Basic sentence-transformer deployment

model_name: BEI-Bert-MiniLM
resources:
  accelerator: L4
  cpu: '1'
  memory: 10Gi
  use_gpu: true
trt_llm:
  build:
    base_model: encoder_bert
    checkpoint_repository:
      source: HF
      repo: "sentence-transformers/all-MiniLM-L6-v2"
      revision: main
    max_num_tokens: 8192
    quantization_type: no_quant
  runtime:
    webserver_default_route: /v1/embeddings
    kv_cache_free_gpu_mem_fraction: 0.9
    batch_scheduler_policy: guaranteed_no_evict

Jina code embeddings deployment

model_name: BEI-Bert-Jina-Code
resources:
  accelerator: H100
  cpu: '1'
  memory: 10Gi
  use_gpu: true
trt_llm:
  build:
    base_model: encoder_bert
    checkpoint_repository:
      source: HF
      repo: "jinaai/jina-embeddings-v2-base-code"
      revision: main
    max_num_tokens: 8192
    quantization_type: no_quant
  runtime:
    webserver_default_route: /v1/embeddings
    kv_cache_free_gpu_mem_fraction: 0.9
    batch_scheduler_policy: guaranteed_no_evict

Nomic text embeddings with custom routing

model_name: BEI-Bert-Nomic-Text
resources:
  accelerator: L4
  cpu: '1'
  memory: 10Gi
  use_gpu: true
trt_llm:
  build:
    base_model: encoder_bert
    checkpoint_repository:
      source: HF
      repo: "nomic-ai/nomic-embed-text-v1.5"
      revision: main
    max_num_tokens: 16384
    quantization_type: no_quant
  runtime:
    webserver_default_route: /v1/embeddings
    kv_cache_free_gpu_mem_fraction: 0.85
    batch_scheduler_policy: guaranteed_no_evict

Integration examples

OpenAI client with Qwen3 instructions

from openai import OpenAI
import os

client = OpenAI(
    api_key=os.environ['BASETEN_API_KEY'],
    base_url="https://model-xxxxxx.api.baseten.co/environments/production/sync/v1"
)

response = client.embeddings.create(
    input="This is a test sentence for embedding.",
    model="not-required"
)

# Batch embedding with multiple documents
documents = [
    "Product documentation for software library",
    "User question about API usage",
    "Code snippet example"
]

response = client.embeddings.create(
    input=documents,
    model="not-required"
)

print(f"Embedding dimension: {len(response.data[0].embedding)}")
print(f"Processed {len(response.data)} embeddings")

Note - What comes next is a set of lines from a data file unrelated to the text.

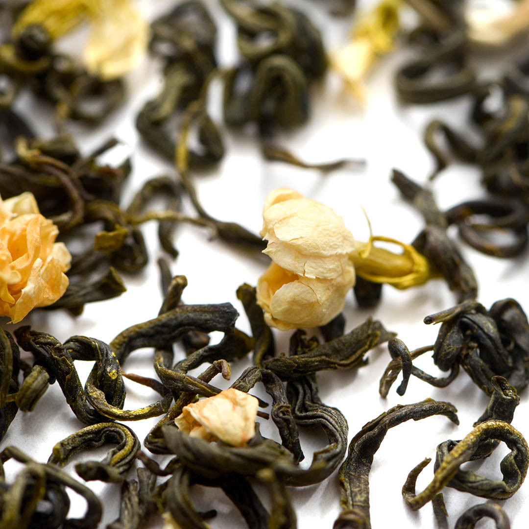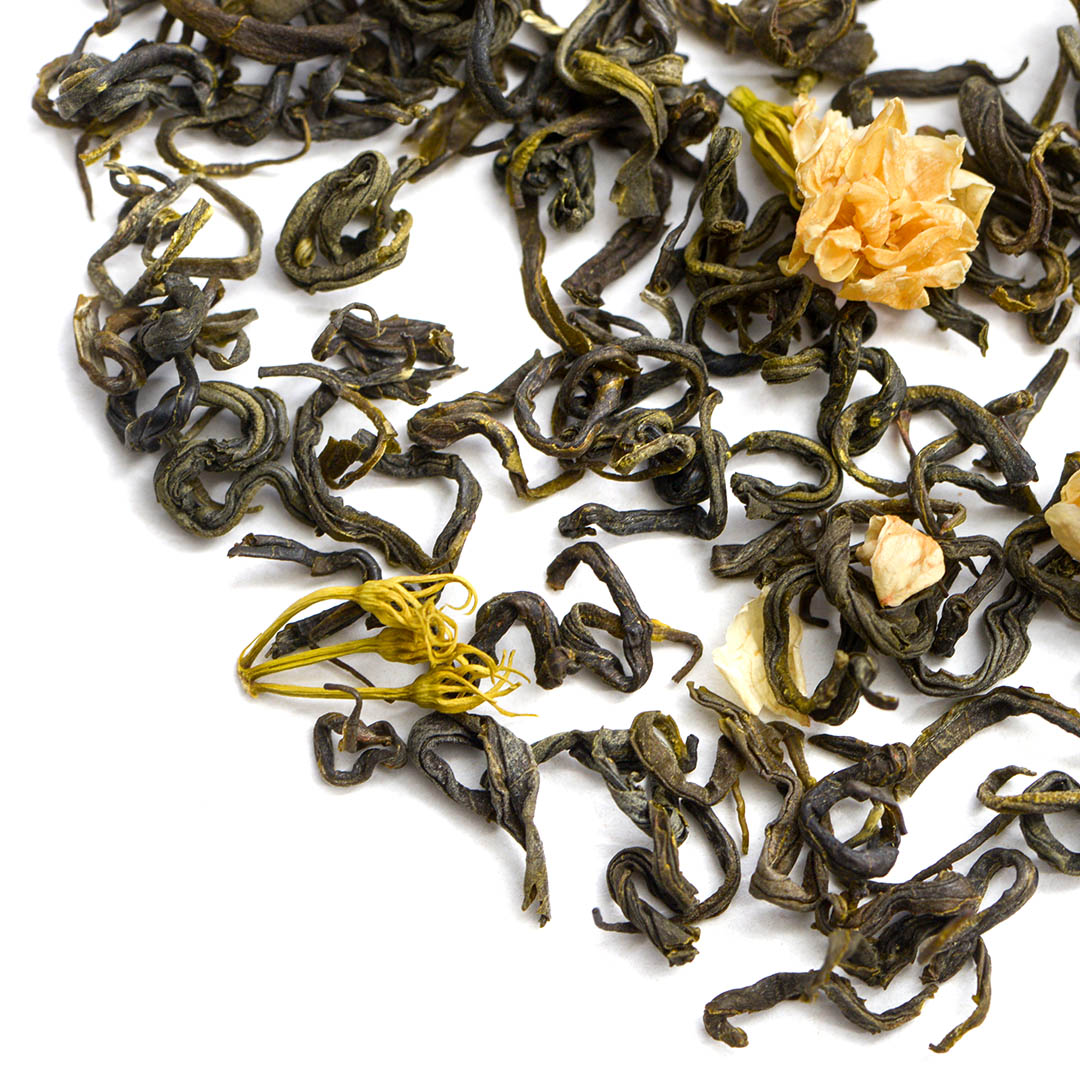 Зеленый чай, натурально ароматизированный цветами Жасмина.
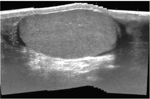 УЗИ органов мошонки. При УЗИ органов мошонки используют датчики высокой разрешающей способности, от 5 до 12 мГц, что позволяет хорошо видеть мелкие структуры и образования. В норме яичко определяется в виде гиперэхогенного образования овальной формы с четкими, ровными контурами (рис. 4.23).
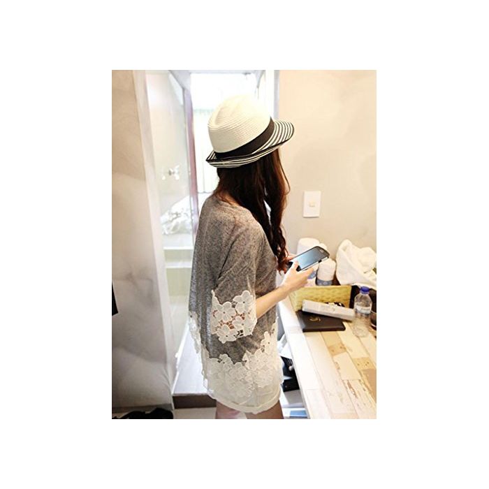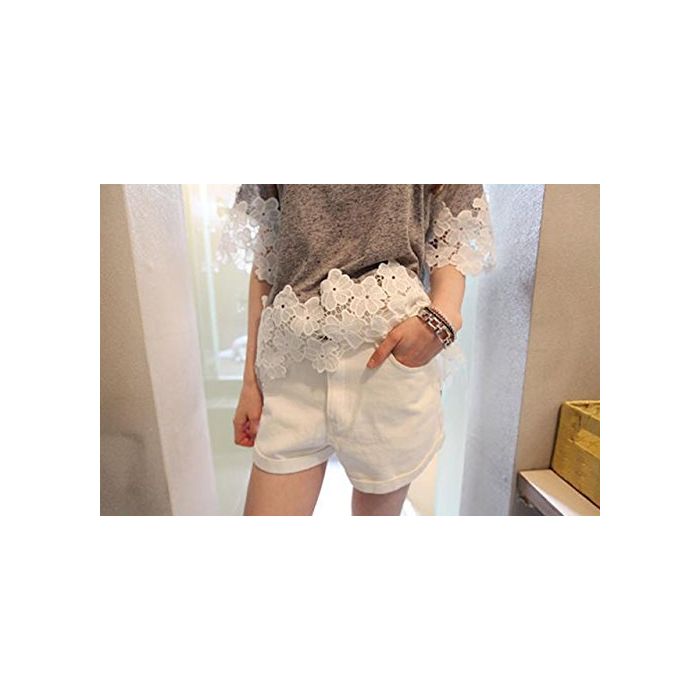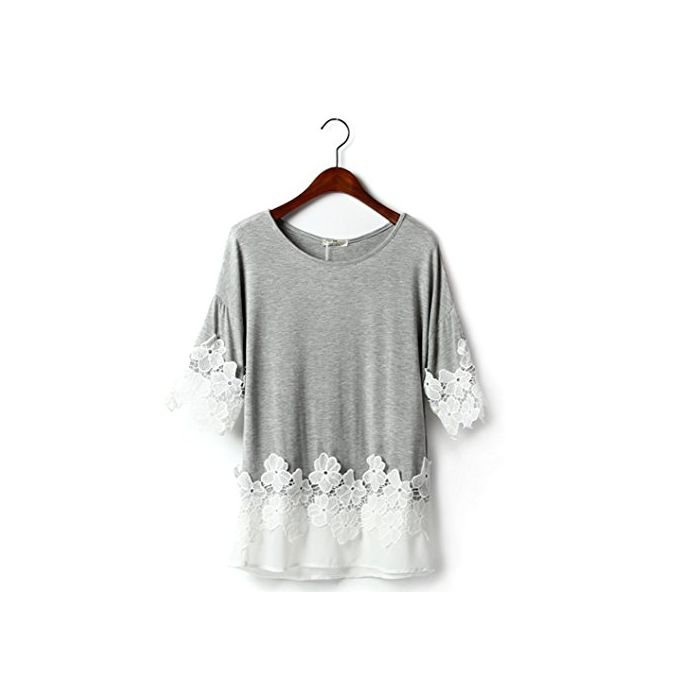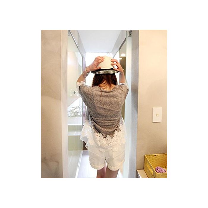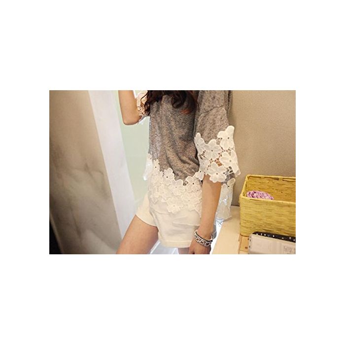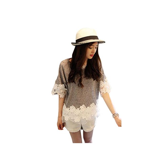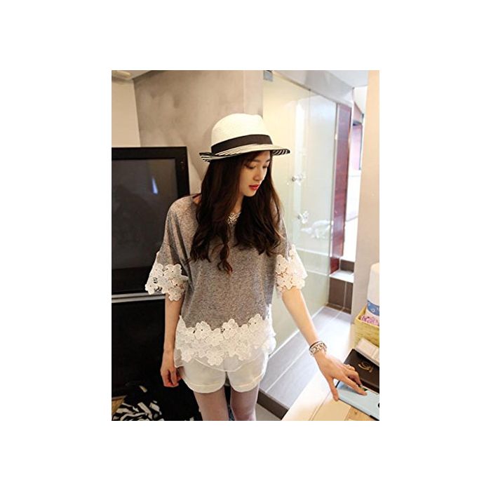 Ange select ange select 착용감 넉넉하게 꽃무늬 레이스 코튼 컷소우 반소매 레이디스 심플 T 셔츠 (블랙)

Baseten Performance Client

For maximum throughput with BEI-Bert:

from baseten_performance_client import PerformanceClient

client = PerformanceClient(
    api_key=os.environ['BASETEN_API_KEY'],
    base_url="https://model-xxxxxx.api.baseten.co/environments/production/sync"
)

# High-throughput batch processing
texts = [f"Sentence {i}" for i in range(1000)]
response = client.embed(
    input=texts,
    model="not-required",
    batch_size=8,
    max_concurrent_requests=16,
    timeout_s=300
)

print(f"Processed {len(response.numpy())} embeddings")
print(f"Embedding shape: {response.numpy().shape}")

Direct API usage

import requests
import os
import json

headers = {
    "Authorization": f"Api-Key {os.environ['BASETEN_API_KEY']}",
    "Content-Type": "application/json"
}

data = {
    "input": ["Text to embed", "Another text"],
    "encoding_format": "float"
}

response = requests.post(
    "https://model-xxxxxx.api.baseten.co/environments/production/sync/v1/embeddings",
    headers=headers,
    json=data
)

result = response.json()
print(f"Embeddings: {len(result['data'])} embeddings generated")

Best practices

Model selection guide

Choose based on your primary constraint: Cost-effective (balanced performance/cost):

Alibaba-NLP/gte-Qwen2-7B-instruct: Instruction-tuned, ranked #1 for multilingual.
Alibaba-NLP/gte-Qwen2-1.5B-instruct: 1/5 the size, still top-tier.
Snowflake/snowflake-arctic-embed-m-v2.0: Multilingual-optimized, MRL support.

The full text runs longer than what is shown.